Interferon gamma is involved in apoptosis of trophoblast cells at the maternal-fetal interface following Toxoplasma gondii infection

Objective: To assess whether interferon gamma (IFN-gamma) secreted by decidual natural killer (dNK) cells at the maternal-fetal interface is involved in the apoptosis of trophoblast cells (trophoblasts) following Toxoplasma gondii infection. Methods: Human dNK cells were infected with T. gondii and then co-cultured with trophoblasts.
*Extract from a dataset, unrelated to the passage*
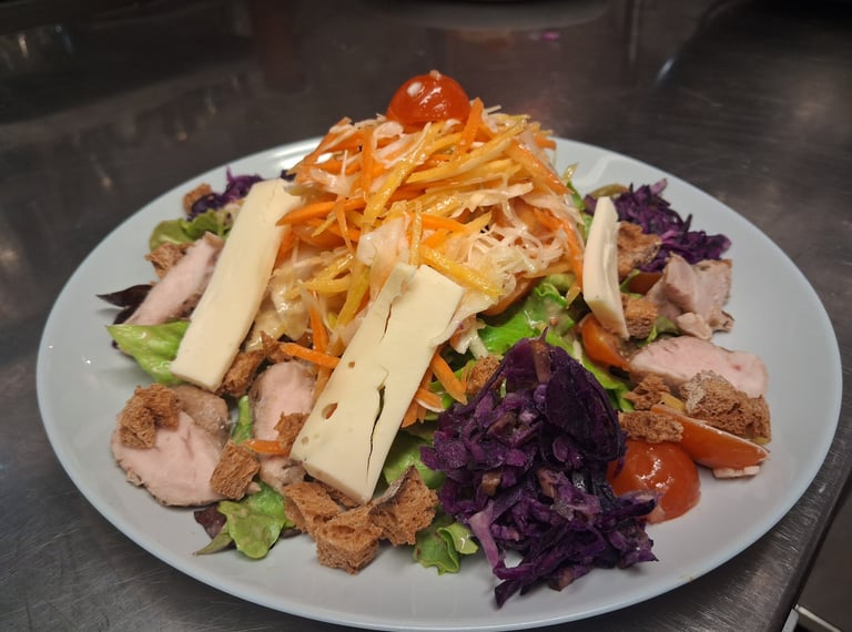 Porc confit, chou blanc, chou rouge vinaigré au lard, tomate cerise, carotte, tomme & croûtons

The infected co-cultured cells were treated with or without IFN-gamma neutralizing antibodies. Uninfected co-cultured cells were used as controls. The level of IFN-gamma in the supernatant of co-culture was measured by ELISA and the apoptosis of trophoblasts was analyzed by flow cytometry. The expression of caspase 3 and caspase 8 of trophoblasts cells was determined by Western blotting and real-time RT-PCR. Results: The levels of IFN-gamma were increased at <24 h following T. gondii infection and were maintained thereafter. Caspase 3, caspase 8, and the apoptosis of trophoblasts co-cultured with dNK cells were increased compared with the control. Meanwhile, IFN-gamma, caspase 3, caspase 8, and trophoblast apoptosis were up-regulated upon increased ratios of dNK cells to trophoblasts. Compared to the infected group, the levels of IFN-gamma, caspase 3, caspase 8, and trophoblast apoptosis were significantly decreased upon treatment with the IFN-gamma neutralizing antibody. IFN-gamma levels were correlated positively with the apoptosis of trophoblasts (r = 0.7163, p < 0.01). Conclusions: The levels of IFN-gamma secreted by dNK cells at the maternal-fetal interface were closely correlated with the apoptosis of trophoblasts upon T. gondii infection. The apoptosis of trophoblasts induced by the increase in IFN-gamma depended on the caspase pathway, which may contribute to the abnormal pregnancy outcomes that occur with T. gondii infection. (C) 2014 The Authors. Published by Elsevier Ltd on behalf of International Society for Infectious Diseases. This is an open access article under the CC BY-NC-ND license.